Principles of Community and Affordability
In Traverse City, Commongrounds was driven by some of the same principles of affordability and community oversight. Once a temperate seasonal beachfront outpost of 15,000 residents, the city added 1,000 new residents over the last decade and evolved into a busy, increasingly expensive all-season urban center.

Downtown is booming with new and expensive residential and commercial construction. A 1-bedroom apartment typically rents for over $1,900 a month while annual median individual incomes have barely nudged above $31,000. The median price for homes climbed to nearly $400,000 in February, more than twice what it was in 2010.  

Open space in CommonGrounds. (Photo/Keith Schneider)

Joe Sarafa, a local developer and property manager, guided Mr.
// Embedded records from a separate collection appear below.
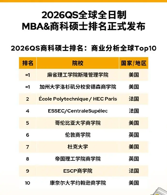 QS商业分析硕士专业排名
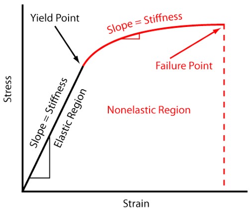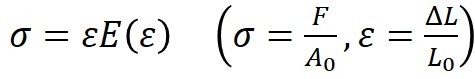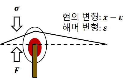 일차원적인 현의 변형과는 달리 해머의 변형은 3차원적이고 복잡하다.5 그런데 이러한 물질의 일반적인 변형을 불러일으키는 힘인 응력(σ, stress)과 변형(ε, strain) 사이에는 훅의 법칙과 비슷한 관계가 있으며 탄성 계수 k에 해당하는 영의 계수(E, Young's modulus)라는 것이 존재한다. 그런데 마치 용수철이 탄성체처럼 작용하다가 일정 수준 이상의 변형이 일어나면 더이상 탄성체처럼 작용하지 않게 되다가 결국 끊어지는 현상을 우리는 모두 초등학교 때부터 배워서 알고 있다. 이것은 용수철만의 특별한 성질이 아니고 변형을 겪는 세상 모든 재료들이 다 이런 성질을 갖는다. 즉, 일정 수준까지는6 응력에 비례하는 '선형적(linear)' 변형을 보이다가 그 이상의 응력에서는 비례하지 않는 '비선형적(nonlinear)' 변형을 보이게 된다. 이 경우에는 응력과 변형의 비인 영의 계수가 일정하지 않게 된다. 만일 어떤 물질이 선형적인 변형 구간을 상대적으로 많이 나타내어 영의 계수가 일정하다면 그것은 선형 탄성체라고 부를 수 있고, 대체로 비선형적인 변형 구간을 상대적으로 많이 보여 영의 계수가 일정하지 않게 된다면 그 재료는 비선형 탄성체라고 부를 수 있을 것이다.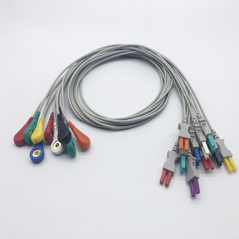 Cáp ECG thường bao gồm nhiều dây dẫn với các đầu nối đặc biệt ở một đầu gắn vào các điện cực đặt trên cơ thể bệnh nhân.Cuối khác của cáp kết nối với máy ECG hoặc màn hìnhCáp mang các tín hiệu điện được tạo ra bởi hoạt động của tim từ các điện cực đến máy, cho phép máy hiển thị và ghi lại hình dạng sóng ECG của bệnh nhân.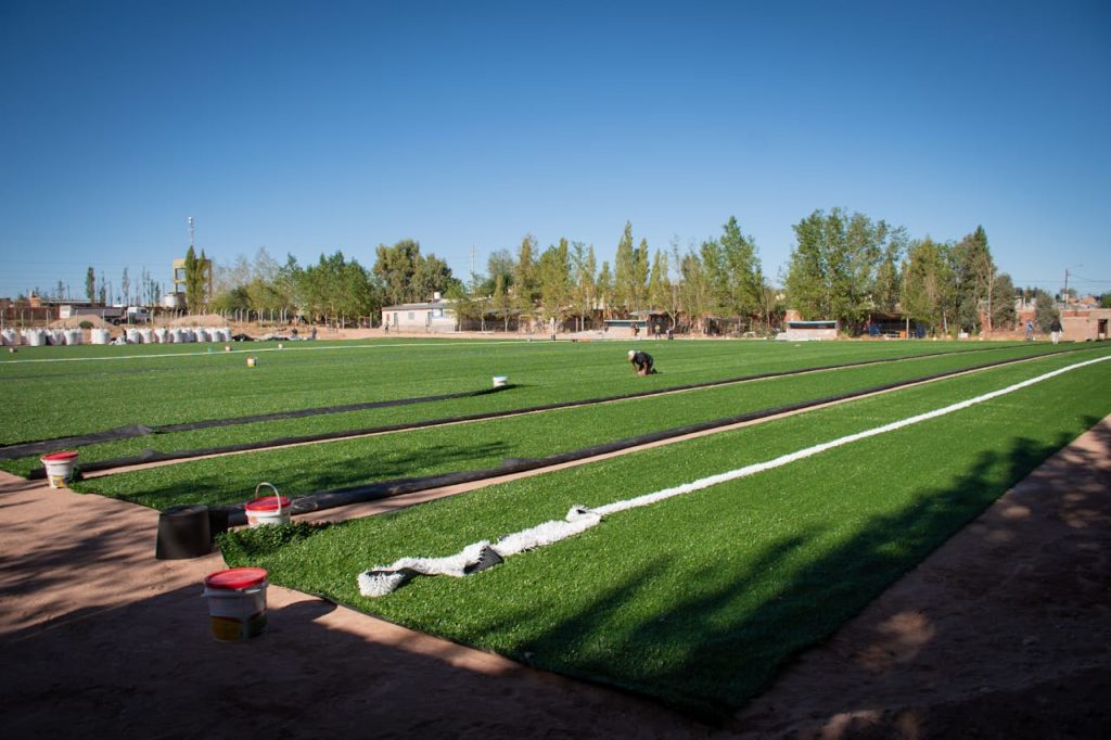 En la mañana del lunes 11 de marzo, el intendente de Cutral Co, Ramon Rioseco, estuvo recorriendo las obras junto al jefe de Gabinete, Walter Mardones donde ya se encuentran extendidos los paneles de césped artificial en el terreno de juego. También se está trabajando para colocar iluminación, algo con lo que no cuenta el predio hasta el momento.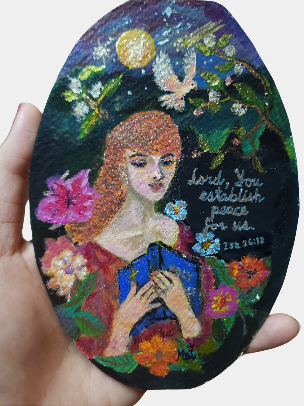'Originals' are expressions of faith, created with God’s love and the guidance of the Holy Spirit. Crafted in mixed media - including oil color, oil pastels, watercolor, and acrylic - each piece carries the essence of His word, inviting you to reflect on His love and presence. May you discover pieces that speak to your soul.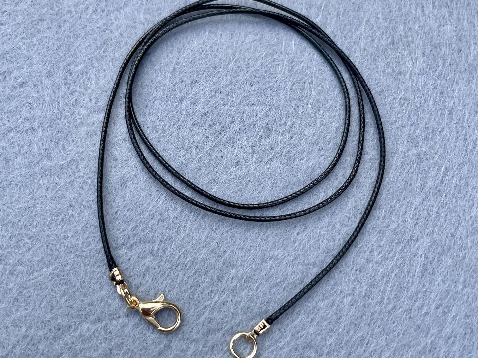 Шнурок на шию для кулонів та підвісок. Зроблений із просоченого вощеного шнура. Діаметр: 2-2,5 мм. Розмір шнурка: 52-57см. Колір чорний. Ціна за 100 шт.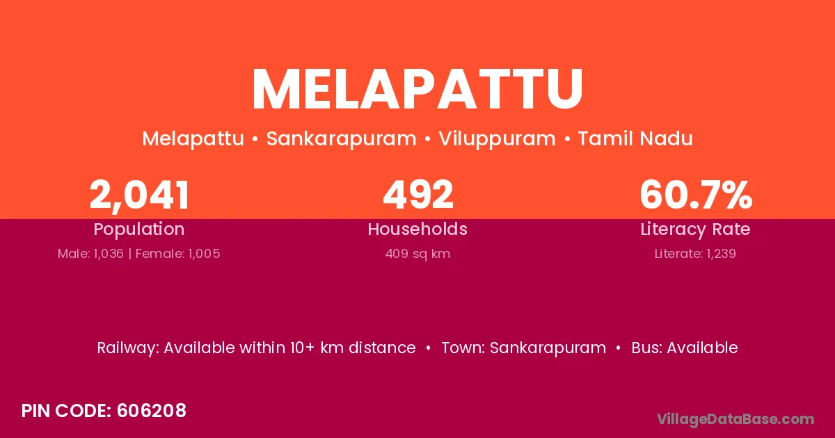 The literacy rate of Melapattu village is 71.67%. Male literacy stands at 78.15% and female literacy at 65.33%.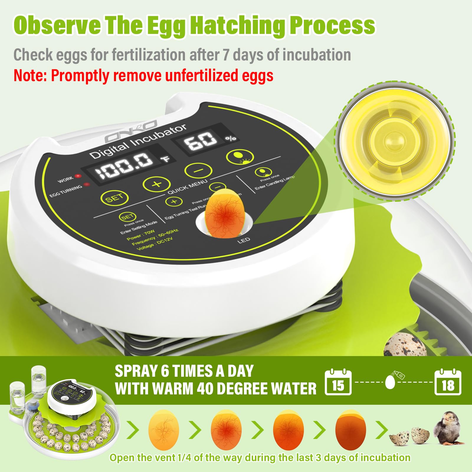 360Β°Transparent View: Our bird egg incubator uses a transparent shell, which allows you to observe the entire incubation process from 360Β° without dead angle, and monitor the development of the quail eggs in real time, making it ideal for life education programs for children to feel the miracle of life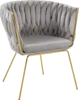 The contemporary design of the Sandcroft dining chair features unique braided velvet upholstery, a padded bucket style seat and sleek tapered metal legs with a gold finish. Use as accent or dining seating, the Sandcroft comes in a variety of colors. Customer assembly is required.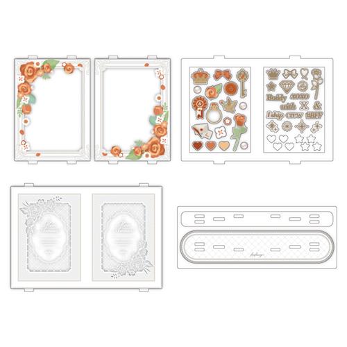 白いクラシカルな額縁に、華やかな薔薇や花々があしらわれたエレガントなデザイン。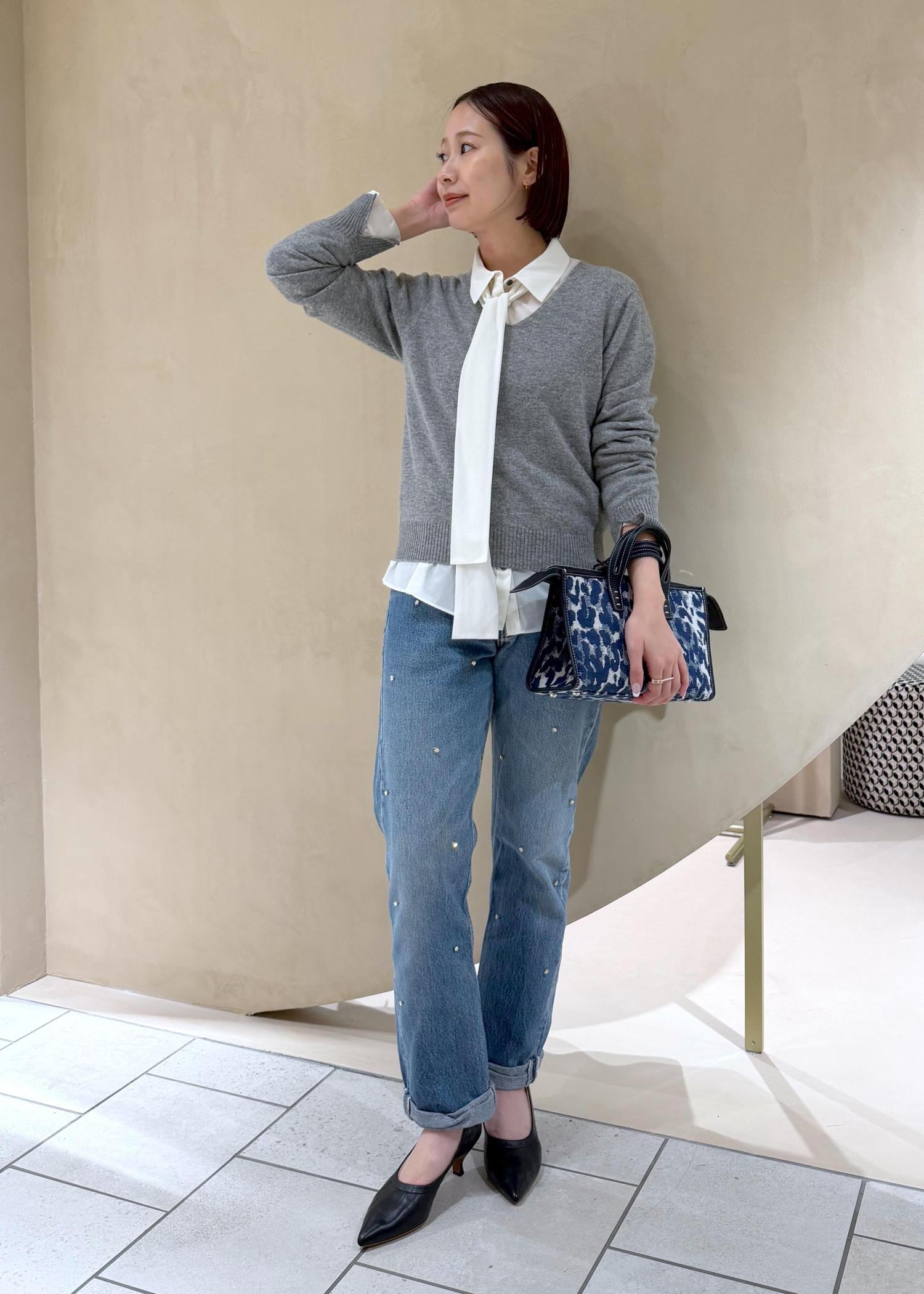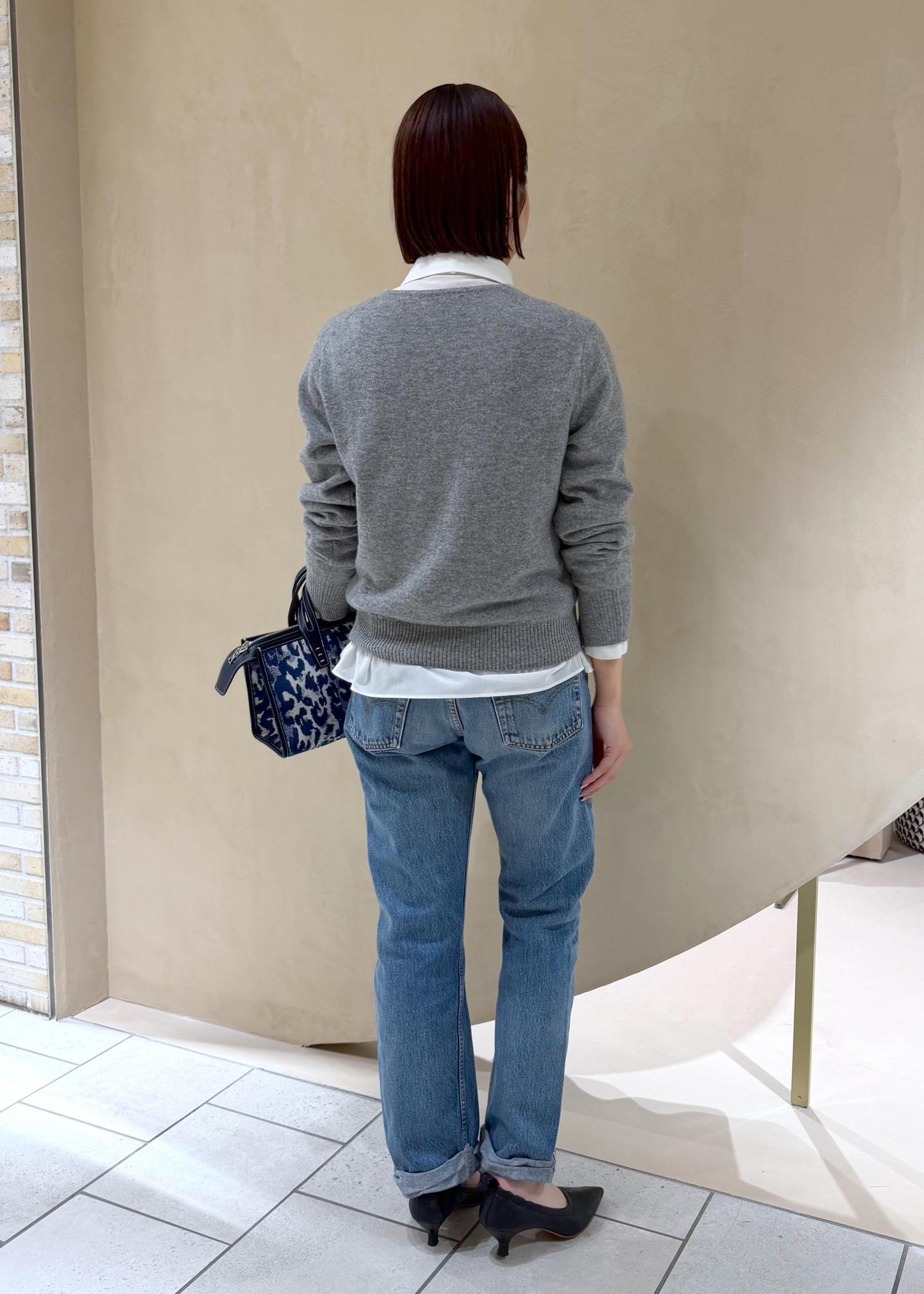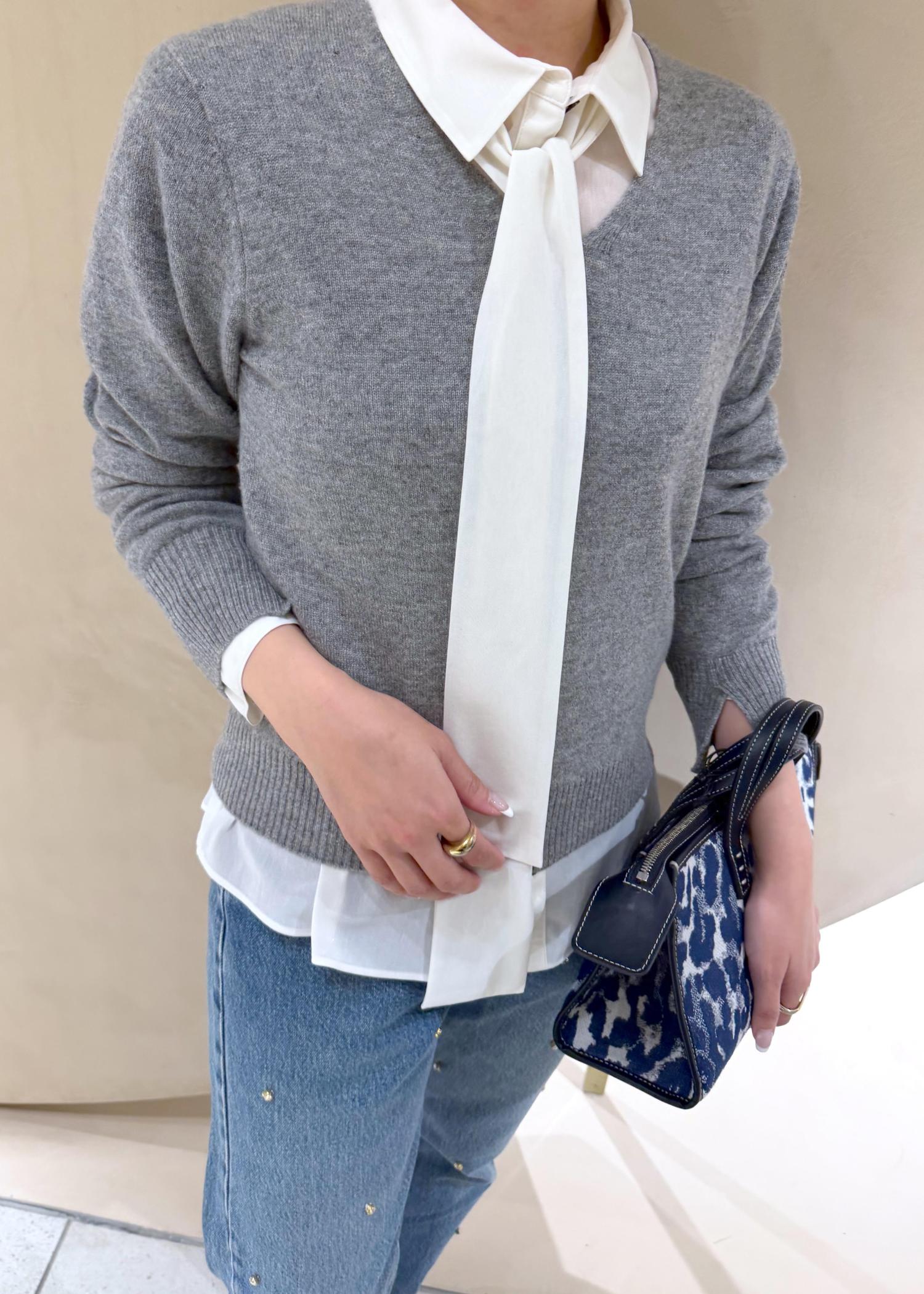 NEW!ROPÉカシミヤVネックニットプルオーバーグレー / F¥25,300レビュー程よいゆとり感で1枚で着てもインナーが見えない浅めのVネック、袖にスリットが入っているので抜け感もでるカシミアニット。

Treter through the details of purchasing the half-acre building site along the Boardman River, which flows through the city. Eight local residents, most of them prominent community activists, invested $550,000 to purchase the property and become the project’s first investors.

Ms. Redman, helped by volunteers, organized public meetings to decide the project’s core mission, and develop the crowdfunding strategy. They worked with city officials to adjust several zoning restrictions, such as dramatically reducing parking requirements. 

Another key player is Jeff Hickman, a vice president of Coastal States Bank who lives in Traverse City, and arranged $8 million in rural business and industry loan guarantees from the U.S. Department of Agriculture. Other big investments included $3 million from the non-profit IFF, a community development lender, $1.85 million from the PACE green building program, a $1.5 million state revitalization grant, and $210,000 from Grand Traverse County to remove chemical residue from the construction site. Seven Commongrounds tenants invested $3.6 million to construct their spaces.

The finished building, with its sunlight-filled public spaces and inviting offices and residences was designed by Ray Kendra, a local architect, and is managed by a 5-member staff directed by Ms. Redman and Andrew Lutes, a musician with hospitality business experience.

“What I want to do now is work on more community-owned projects,” said Ms. Redman. “There’s interest here to develop more housing and more real estate that meets community needs.”

— Keith Schneider

A version of this article was published by The New York Times on May 13, 2024.